In this manuscript, Tatebe et al. provide a wealth of experimental data conclusively showing that Sin1 recruits the Gad8 kinase and its human homologue AKT, and that this interaction is necessary for substrate phosphorylation. The data include yeast two hybrid assays, IPs and mutagenesis, which map the interaction to the Sin1 CRIM domain, as well as heterologous fusion of the CRIM domain to other mTORC2 subunits. They also report the solution structure of the CRIM domain, which adopts a ubiquitin fold and has an acidic loop to which most of the mutations that abrogate Gad8 binding map. The authors then go on to identify similar interactions between human Sin1 CRIM and AKT. Overall this manuscript is well written and the experiments are well executed with proper controls. The data supports the authors' conclusions.

The only drawback is that it has been previously reported (Cameron et al. 2011) that human SIN1 interacts with the mTORC2 substrates PKC epsilon and AKT through essentially the same CRIM acidic patch, although I agree with the authors that this has been somewhat controversial in the field (discussed by the authors in the second paragraph of the subsection “Sin1 CRIM domain binds the AGC kinases that are phosphorylated by TORC2”). As it settles this question, and also provides detailed structural and mutational data, I believe the manuscript merits publication in eLife.

https://doi.org/10.7554/eLife.19594.029

Author response

Essential revisions:

The paper presents very strong data to support the authors' conclusions and clarifies discrepancies in the literature.
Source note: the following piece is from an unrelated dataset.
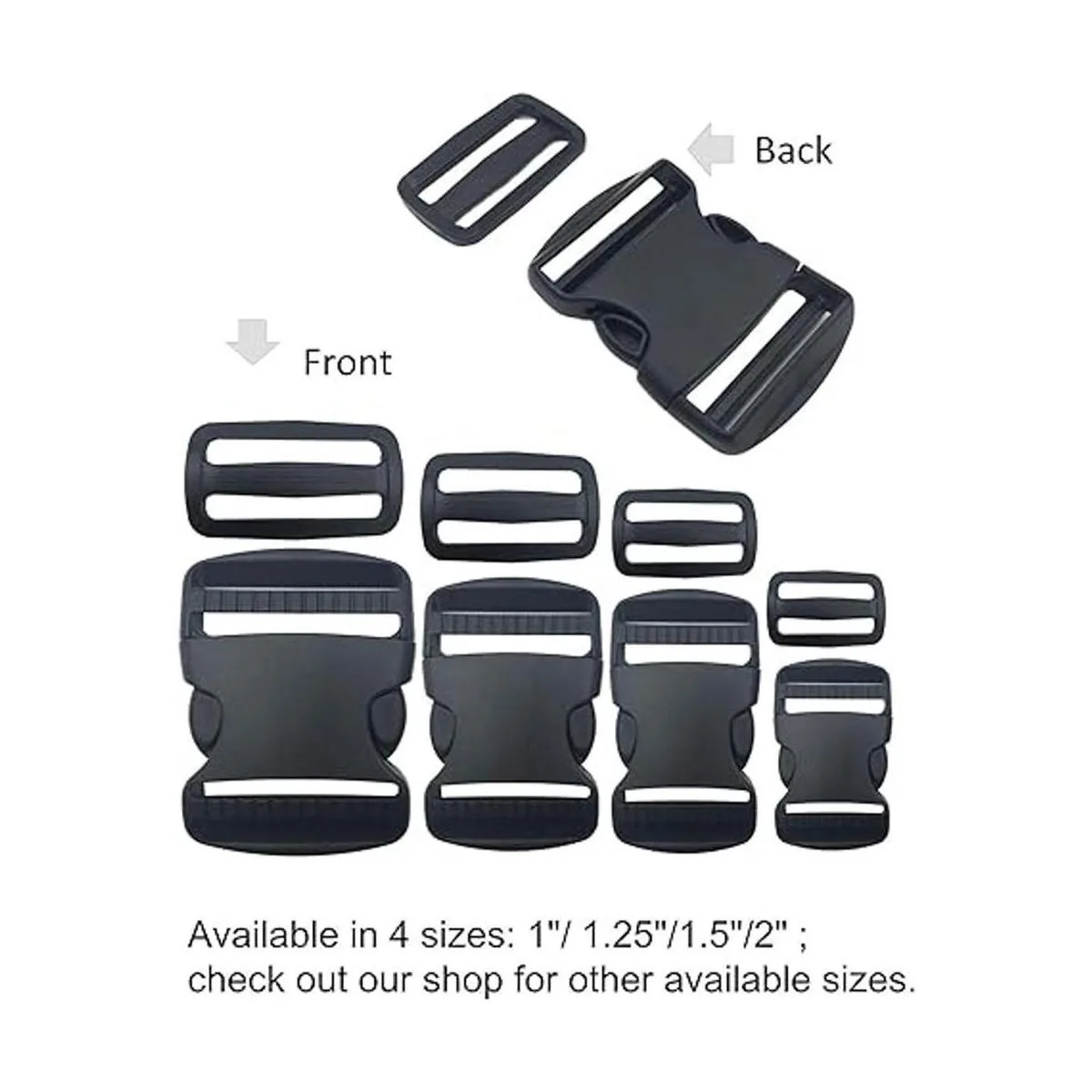 Tamaño: juego de 6 hebillas de liberación lateral plana de 2.0 in y deslizamientos de tres deslizamientos, se ajusta a correas de cincha de 1.969 in. Disponible en 4 tamaños: 1.0 in, 1.2 in, 1.5 in, 2.0 in.

Most of the revisions that are requested by the reviewers deal with explanations as to why certain experiments were not performed, and some control experiments that can be dealt with in a relatively short time. One comment that is of particular importance relates to mutations in the negatively charged loop that are drastic and might well disturb overall folding. Interactions of these residues in the structure should be shown. The reviewer asks whether milder variants have been tested? NMR would be suited to address this concern.

In the “poly NQ” mutant that we used in Figure 4C, D and E, the multiple acidic residues in the loop region were substituted with uncharged Asn or Gln. We predicted that those substitutions would not disturb the overall folding of the CRIM domain, because the side chains of those acidic residues in this region face outward and do not interact with other residues outside of the loop (new Figure 4—figure supplement 1). As suggested, we expressed and purified the Sin1CRIM with the “poly NQ” mutation for NMR analysis; the mutant protein has been found very stable, and its NMR spectrum resembles that of the wild-type Sin1CRIM, indicating that the overall folding of Sin1CRIM is not disturbed by the “poly NQ” mutation (new Figure 4—figure supplement 3). We have also tested amino acid substitutions of the individual acidic residues within the loop region, showing that the acidic residues in the second half of the loop (D358, E359 and D360) play particularly important roles in the CRIM-Gad8 interaction (new Figure 4—figure supplement 4). We are grateful to reviewer #1 and the Editors for the helpful suggestions that have led to better characterization of the loop region.

Reviewer #1:

[…] The manuscript is well written and provides important novel insights to the role of Sin1 in TORC2 substrate recognition. The integration between the different parts of the manuscripts, in particular functional and structural studies, could be improved.

1) Results of random mutagenesis: The identified residues should be labelled in Figure 3—figure supplement 1, and implications of perturbed folding for different modes of TORC2 interaction should be discussed.

The residues identified through the random mutagenesis are labeled in Figure 3—figure supplement 1. Implications of the folding perturbation by these mutations are discussed in the third paragraph of the subsection “Sin1 CRIM has a protruding acidic loop involved in the recruitment of TORC2 substrates”.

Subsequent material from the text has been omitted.